I've also just learned about tgmath.h, which provides type-generic macros for math.h functions. It seems it first appeared in C99. This might make it slightly easier, at least for the floating-point functions.

https://en.cppreference.com/w/c/numeric/tgmath

ivanperez-keera commented 2 years ago

Yes, we have recently talked about this (Alwyn, Frank and I).

This is what I meant today when I said that the meaning of some math operations will change.

ivanperez-keera commented 2 years ago

I've been looking into this issue. My solution spelled out the types a bit more in the case selections for OP{1,2}, in an attempt at preventing future developers from defaulting to a "f" suffix by mistake for functions that may not support it (i.e., it directed the developer to "spell it out").

I've tried to merge your solution and mine, into a simpler, shared version available here: https://github.com/Copilot-Language/copilot/tree/develop-specialize-math-types. I removed some checks on errors on input types, mainly because the GADT would disallow them by construction.

Still, it seems like there's "too much logic" and too much ad-hocness. (The whole C99-backend can be vastly simplified.)

I also went down the path of tgmath.h, and I agree with Rob: if it's well supported, it's likely the simplest and best solution. I know arduino is not our main target, but I'd definitely want to hear @joeyh's thoughts on this.

ivanperez-keera commented 2 years ago

I just tried compiling an arduino example with gcc-avr it does not find a <tgmath.h>. It does not seem to be part of the standard avr-libc anymore.

Note that the variants specialized for floats in math.h in avr are just aliases for the double-based versions of the same functions, so there's just no difference. In that platform, it makes no sense to specialize for different types (except for abs/fabs).

I've sent a message to the avr-libc users mailing list to see if there's a reason for that file not being included.

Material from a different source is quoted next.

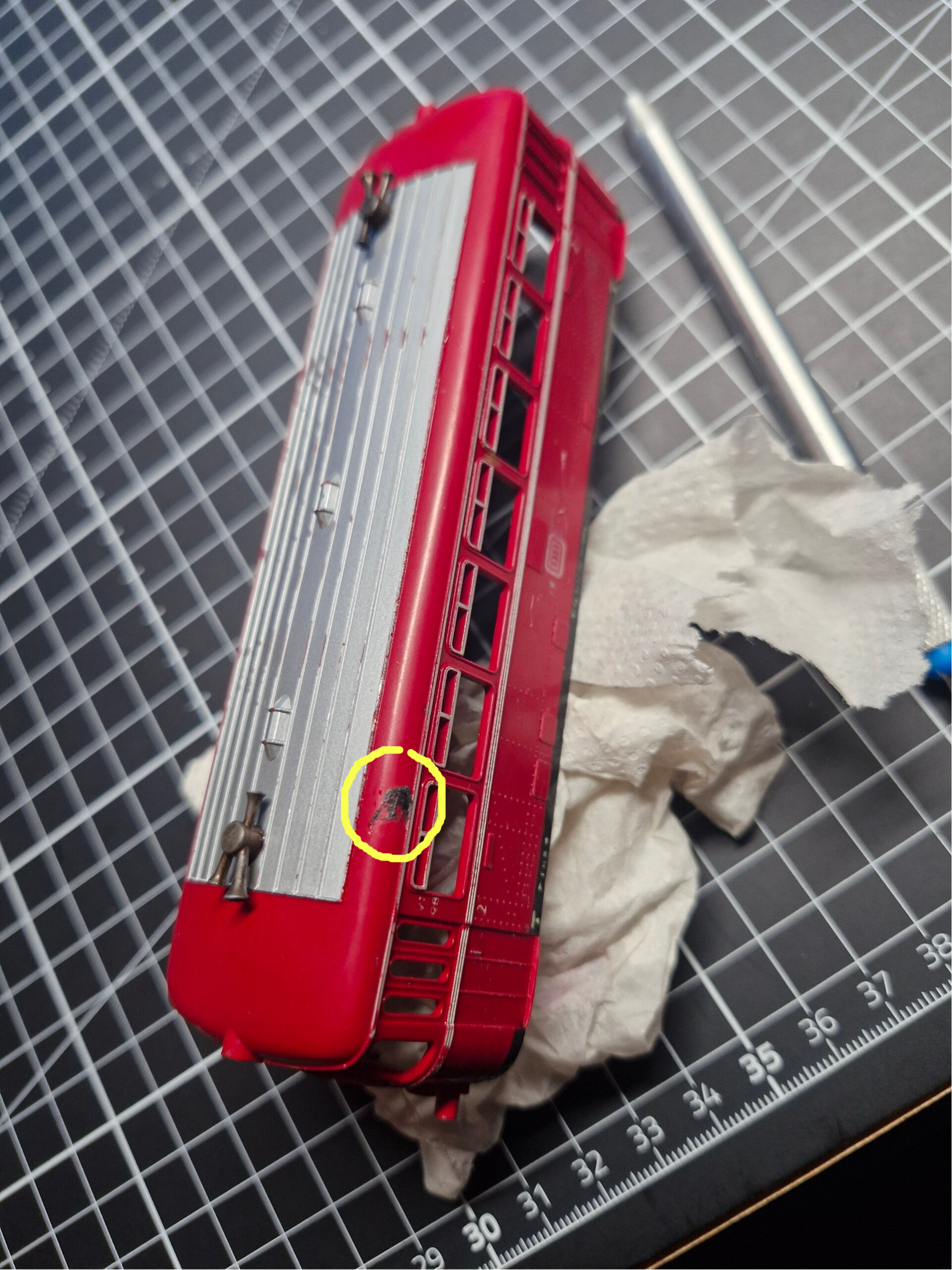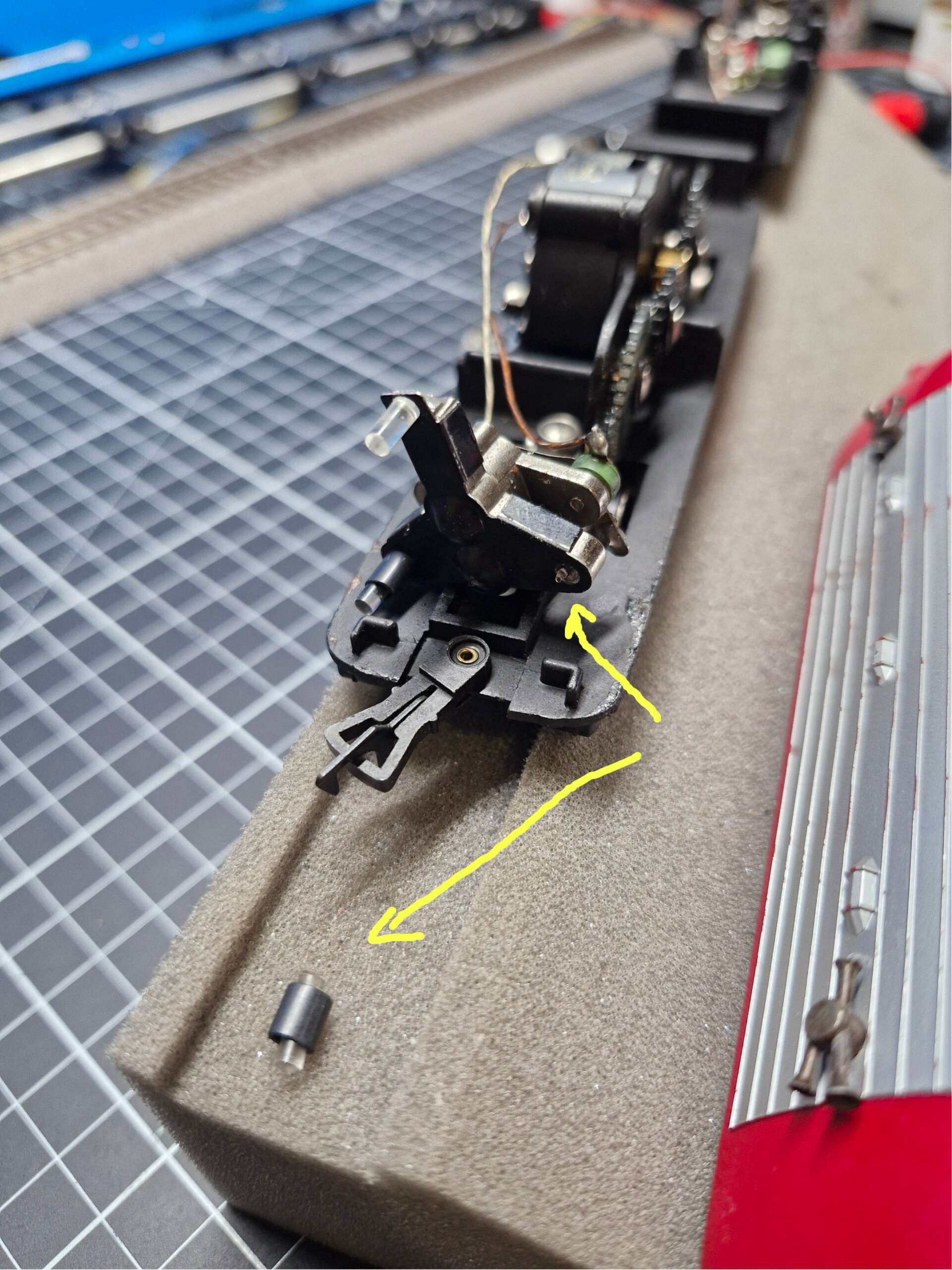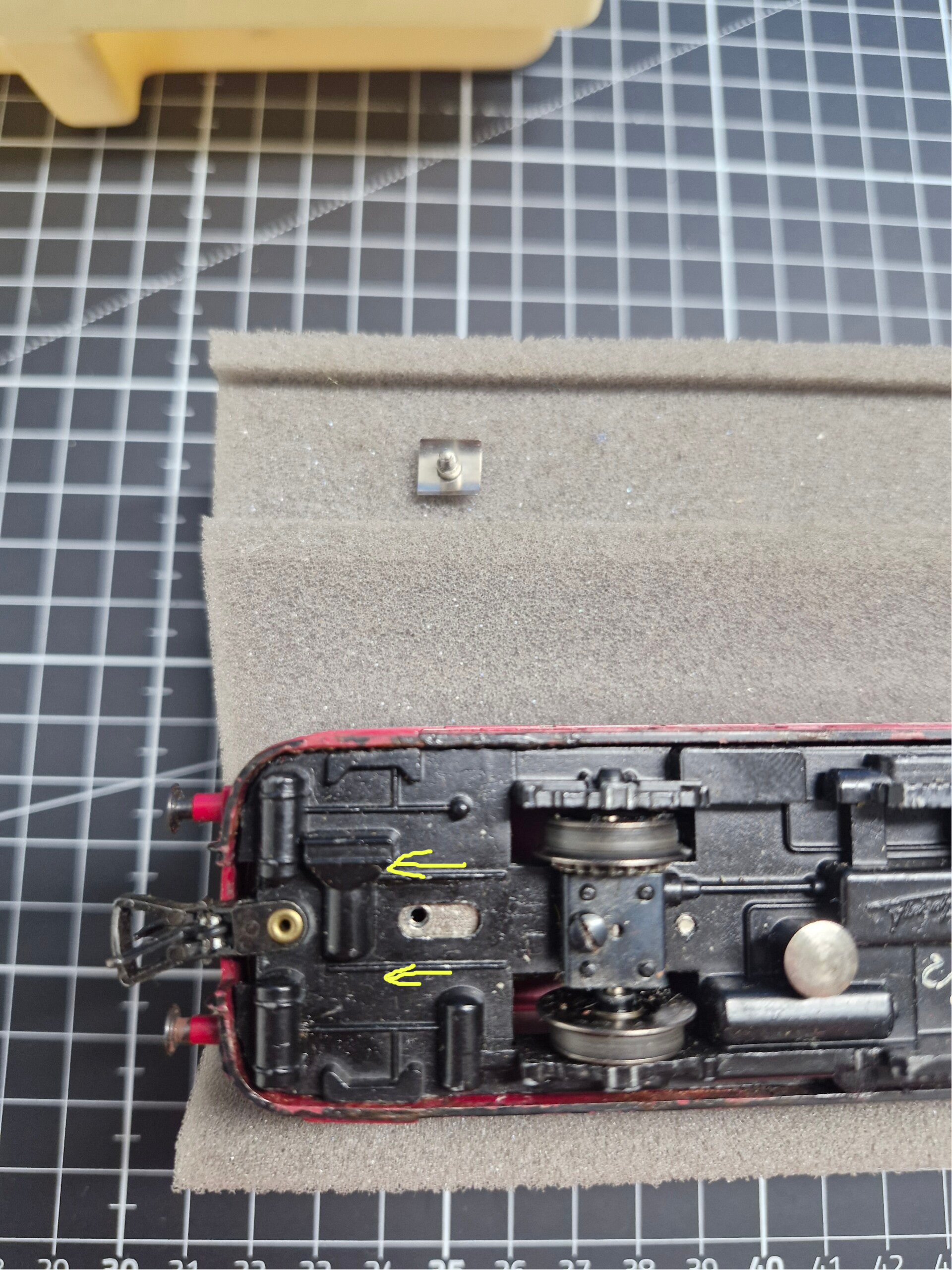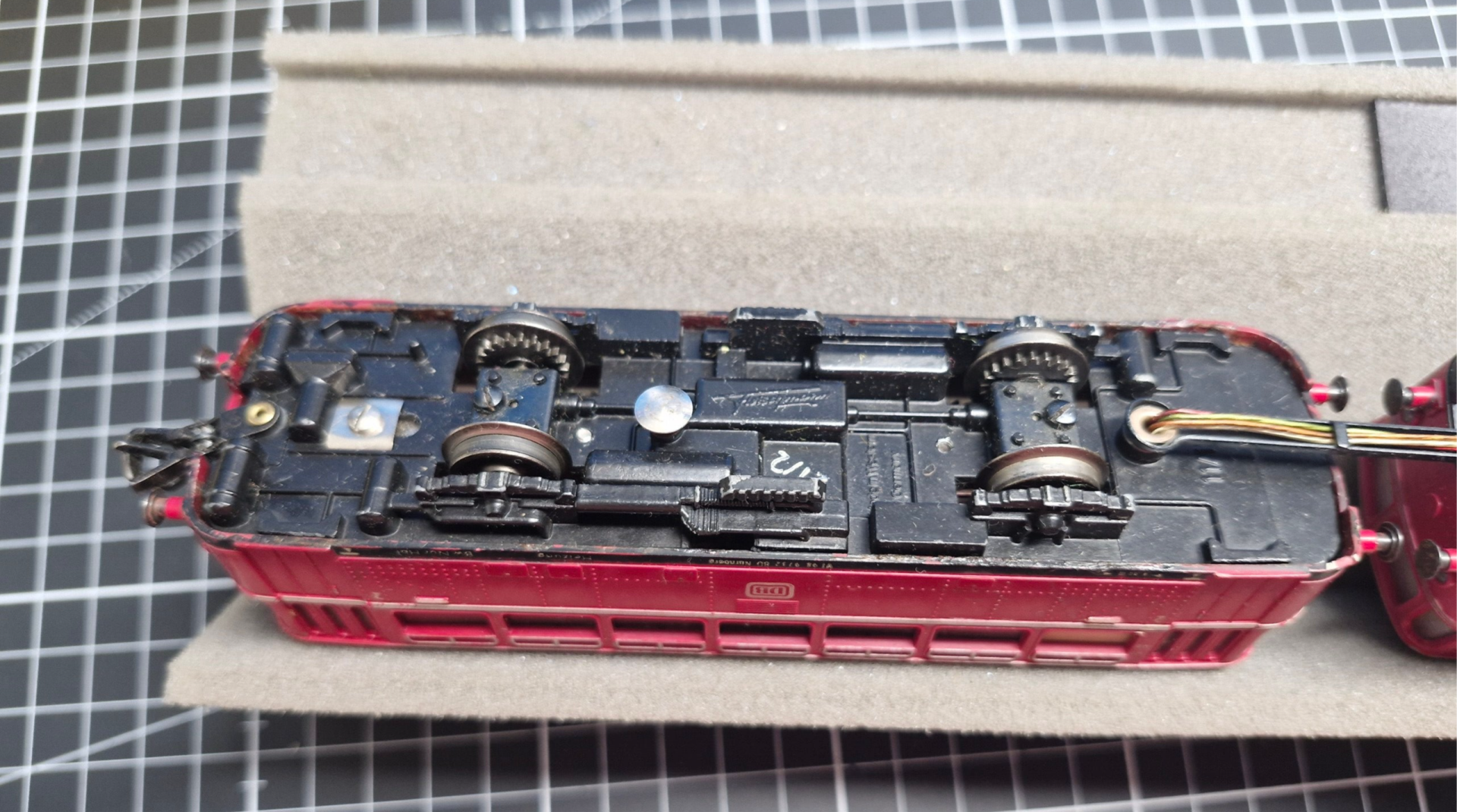 Eine Besonderheit dieses Modells ist die unlöslich verbundene Kupplung zwischen der Lok und dem Beiwagen. Die Plastikverbindung ist relativ filigran und enthält noch dazu etliche Kabel - bei allen Arbeiten ist also grösste Vorsicht geboten, um die Verbindung nicht zu beschädigen. Bei derartigen Arbeiten bietet sich insbesondere eine längere Lokliege aus Schaumstoff an, um die Wägen beim Drehen und Wenden etwas zu stabilisieren.

ivanperez-keera commented 2 years ago

@joeyh for arduino, I found that the following compiles:

Adaptation to Makefile, to include user library:

USER_LIB_PATH := $(realpath libraries)
BOARD_TAG = uno
include /usr/share/arduino/Arduino.mk

New libraries/tgmath/tgmath.h file, which simply imports math.h:

#include <math.h>

Would this be an acceptable adaptation to arduino-copilot?

The following question is for everyone: If the above works with arduino-copilot, are there any reasons not to use tgmath.h? This solution is much cleaner, I think it requires very few changes (see last 3 commits in https://github.com/Copilot-Language/copilot/tree/develop-specialize-math-types-tgmath, or compare branches).

ivanperez-keera commented 2 years ago

Btw, tgmath.h does not provide a macro for abs, so we'd still need to distinguish between (integer) abs and fabs.

ivanperez-keera commented 2 years ago

Ok, after some deliberation with the Copilot team, discussions on the avr mailing list, etc. I'm making an executive decision to merge the change as implemented in the branch above (that is, without tgmath.h). The reason is that tgmath.h relies on specific compiler extensions, its implementation is compiler- (and architecture-) dependent, all of which makes it harder for people to reason about specifically which version of the function will be executed (they know in principle, but tgmath.h hides details away to a point where V&V might get harder).

It's very borderline though, and I could be convinced of the opposite, especially if we can make a good argument in favor of verification. And, more generally, I would be interested in seeing if it's possible to optimize that boilerplate code away in some other clean way.

RyanGlScott commented 2 years ago

Just to clarify, when you say "the branch above", you're referring to https://github.com/Copilot-Language/copilot/tree/develop-specialize-math-types?

ivanperez-keera commented 2 years ago

I am.

Clarification: @robdockins is right that abs, labs, etc. may have to be used for larger integers, but they operate on int, not fixed-sized ints. I'm looking into that.

I think a reasonable implementation would be to use abs for 16-bit-sized ints/word and below, casting fro and back, and labs for 32-bit sized ints and above, but I'll check that the results are correct.

We could avoid casts by expanding Abs to something like:

(x + (x >> (8*sizeof(int64_t) - 1))) ^ (x >> (8*sizeof(int64_t) - 1));

replacing int64_t with whatever type Abs should be applied to.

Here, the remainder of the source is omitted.